→ Task input
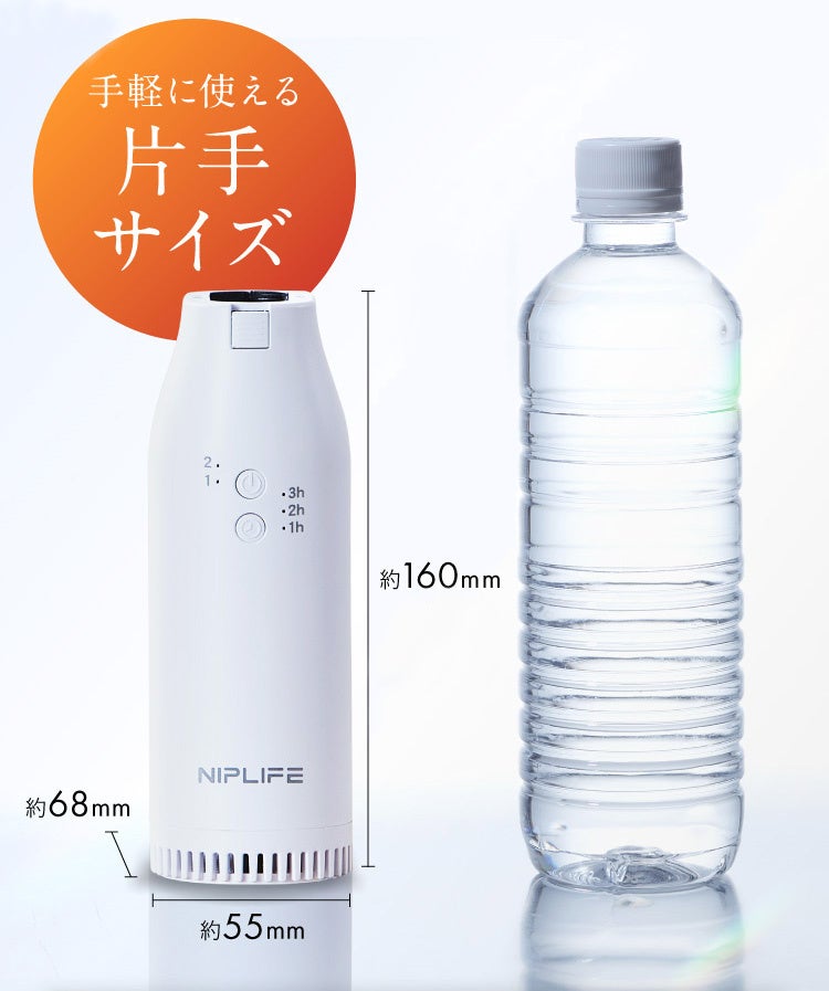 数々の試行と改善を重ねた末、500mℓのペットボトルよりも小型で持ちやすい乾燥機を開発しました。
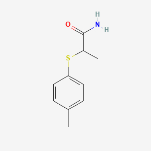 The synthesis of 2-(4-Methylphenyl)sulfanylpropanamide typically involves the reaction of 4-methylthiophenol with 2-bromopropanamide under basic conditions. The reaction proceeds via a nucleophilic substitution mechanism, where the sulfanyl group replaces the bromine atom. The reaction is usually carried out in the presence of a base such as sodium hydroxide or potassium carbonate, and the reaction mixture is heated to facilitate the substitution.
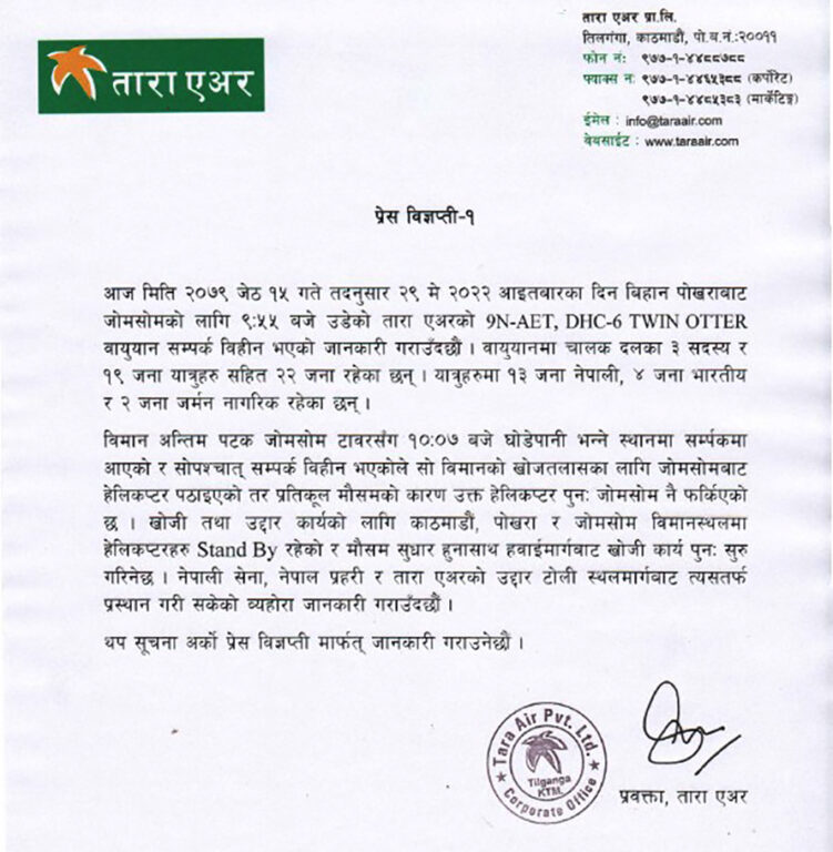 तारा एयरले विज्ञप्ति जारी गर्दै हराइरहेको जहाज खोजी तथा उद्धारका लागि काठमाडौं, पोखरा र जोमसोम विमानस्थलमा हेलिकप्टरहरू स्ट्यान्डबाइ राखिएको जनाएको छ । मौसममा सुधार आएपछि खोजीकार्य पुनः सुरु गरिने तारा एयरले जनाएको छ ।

==

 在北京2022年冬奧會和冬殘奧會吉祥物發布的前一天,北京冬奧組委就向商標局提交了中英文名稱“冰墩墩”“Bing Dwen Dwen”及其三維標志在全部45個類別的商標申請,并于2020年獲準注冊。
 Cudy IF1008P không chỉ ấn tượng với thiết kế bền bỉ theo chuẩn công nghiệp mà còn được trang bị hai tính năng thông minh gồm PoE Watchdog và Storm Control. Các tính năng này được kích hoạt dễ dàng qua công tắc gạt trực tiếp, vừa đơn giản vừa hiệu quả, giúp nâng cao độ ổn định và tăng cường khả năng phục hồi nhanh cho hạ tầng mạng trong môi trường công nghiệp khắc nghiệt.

→ Directions
With the pictures left out, write out exactly the lines above from the one containing "数々の試行と改善を重ねた末、" through the one containing "तारा एयरले विज्ञप्ति".

→ Output for this exercise
 数々の試行と改善を重ねた末、500mℓのペットボトルよりも小型で持ちやすい乾燥機を開発しました。
 The synthesis of 2-(4-Methylphenyl)sulfanylpropanamide typically involves the reaction of 4-methylthiophenol with 2-bromopropanamide under basic conditions. The reaction proceeds via a nucleophilic substitution mechanism, where the sulfanyl group replaces the bromine atom. The reaction is usually carried out in the presence of a base such as sodium hydroxide or potassium carbonate, and the reaction mixture is heated to facilitate the substitution.
 तारा एयरले विज्ञप्ति जारी गर्दै हराइरहेको जहाज खोजी तथा उद्धारका लागि काठमाडौं, पोखरा र जोमसोम विमानस्थलमा हेलिकप्टरहरू स्ट्यान्डबाइ राखिएको जनाएको छ । मौसममा सुधार आएपछि खोजीकार्य पुनः सुरु गरिने तारा एयरले जनाएको छ ।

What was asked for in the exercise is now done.